Friday, March 21, 2008

Sweet, Sour, Salty, Bitter (about an article in Cooking Light)

I read the most interesting article in the March 2008 issue of Cooking Light. Written by David Bonom, a chef, it's about the four groups of tastes that comprise the food we eat. And why it's important. He tells the tale that when he was in culinary school he presented to the instructor a creamy broccoli soup for review. The teacher, Chef Pardus, tasted it and said "Good. Now take it back to your station and put a drop of white wine vinegar in a spoonful [of the soup] and taste. Compare the two." Bonom says that lesson was a lightning moment for him. He did as Pardus suggested and said the soup just tasted . . . better. He couldn't taste the vinegar, but there was a difference. He said the components (cream, broccoli, shallots) became more distinct. It taught him to consider the effect of acid, and that familiarity is how we learn to balance dishes.

Actually, the experts have added a fifth taste beyond the sweet, sour, salty and bitter. It's called umami, best described as savoriness. Umami is what happens when you add a touch of sugar to a vinaigrette, and when you slow roast onions.
The instructor-chef recently prepared a ham sandwich for the author - and commented that it had good balance. He said it's "the sweetness of the basil, saltiness of the ham, the acid in the tomato and pickled jalapeno, the umami in the bread, tomato and ham.

The article went on to give examples of how to flavor dishes we make with the different components.
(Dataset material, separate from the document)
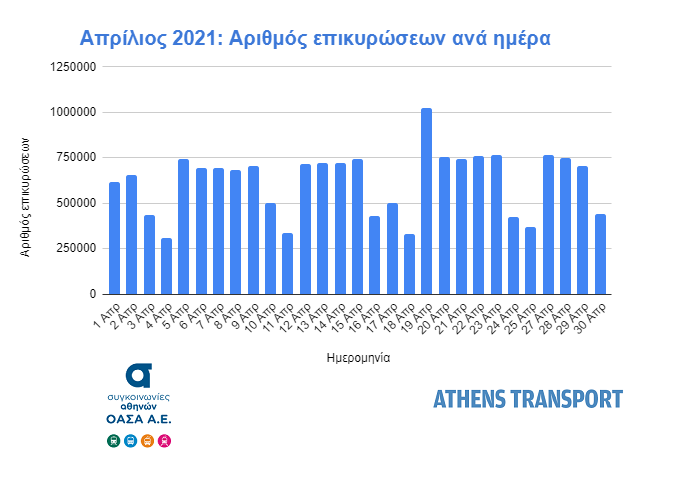 Τον Απρίλιο* του 2021 πραγματοποιήθηκαν συνολικά 18.028.952 επικυρώσεις εισιτηρίων, αριθμός αυξημένος κατά 26,6% σε σχέση με τον Μάρτιο. Ο ημερήσιος μέσος όρος των επικυρώσεων ανήλθε σε 621.688, αυξημένος επίσης κατά 26,6% από τον προηγούμενο μήνα.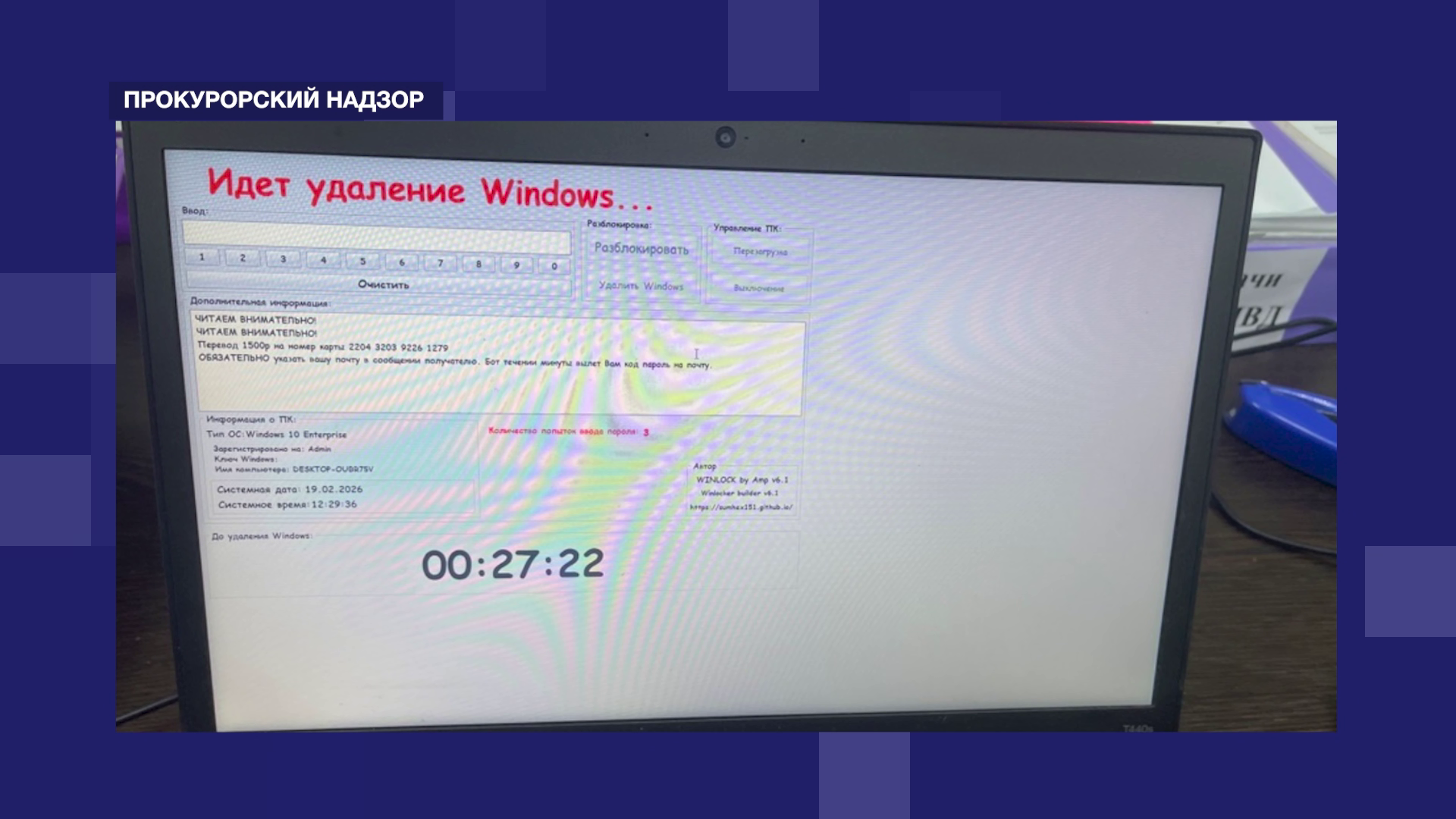 ЮРИЙ ЛАБЕЦ, заместитель прокурора Гагаринского района Севастополя: «По версии следствия, молодой человек оказывал услуги по ремонту компьютеров и бытовой техники. Желая получить дополнительный заработок, в мае 2025 года он продал одному из обратившихся к нему заказчиков записанную на карту памяти вредоносную компьютерную программу, инфицированную компьютерным вирусом. При ее запуске появляется сообщение о возможности получить пароль после оплаты на банковскую карту, а затем происходит блокирование и уничтожение компьютерной информации. В итоге персональный компьютер становится непригодным для дальнейшего использования».

Here's the Cooking Light list:


  • Salty: soy sauce, fish sauce, cured meats such as bacon, pancetta or prosciutto, anchovies, olives, mustard, capers, bring or aged cheese such as feta or Parmesan.

  • Sour: vinegar, lemon and lime juice, wine, sour cream, buttermilk, yogurt, tamarind, rhubarb, pickles, cranberries, mustard, lemongrass.

  • Bitter: radicchio, endive, watercress, cabbage, kale, mustard greens, broccoli rabe, dark chocolate, campari, brussels sprouts, grapefruit, coffee, walnuts, black pepper.

  • Sweet: sugar, honey, maple syrup, fruit juice, molasses, many fruits, chocolate, ketchup, caramelized onions, roasted bell peppers, hoisin sauce.

  • Umami: aged cheese such as Parmigiano-Reggiano, vine-ripened tomatoes, mushrooms, corn, cured pork such as prosciutto or serrano ham, smoked or cured fish, shellfish, asian fish sauce, soy sauce, miso.
The article included several recipes, demonstrating these combinations of tastes. It also listed a short cheat sheet, of sorts, for what to consider when you're preparing a dish and know it needs SOMETHING, but you don't quite know what. Bonom says it's a nuanced skill. Sour likes sweet. Salt is constant. Bitter tastes should not dominate and can be balanced with salt and fat. Here are his strategies:

  • Too sour? Add sugar, honey, or another sweet ingredient.

  • Too sweet? Try a dash of vinegar, lemon juice or another sour ingredient. Salt will also tone down sweetness.

  • Too bitter? Add salt, if possible. Fats can also take the edge off bitter ingredients.

  • Too bland? Start with salt. A touch of an acidic ingredient also brightens flat flavors. Even a pinch of sugar might help round out the taste.

So, there's your culinary school lesson of the day. I clipped out this article and plan to tape it to the inside of a cupboard door near my range, so when I'm contemplating "what's missing," I'll have a reference.

5 comments:

Kalyn said...

Great post, I'm saving it!

cooknkate said...

This is always good information for any cook to have. Thanks for posting. We spent a lot of time in culinary school working on 'training' our palates to recognize the four different tastes. It was an interesting exercise.

Cora said...

I tape recipes and cooking info inside my cabinet doors too! Opening a few doors to find the right clipping is so much easier than leafing through a cookbook or notebook. Thanks for the post!

Anonymous said...

Could you please post that article in Cooking Light by David Bonom here? Would love to read it..Thanks!

Thika

Carolyn T said...

Thika - I'm sorry to say I tossed out the article after I wrote it up on the blog. You might go research it at the Cooking Light website. Perhaps it's there.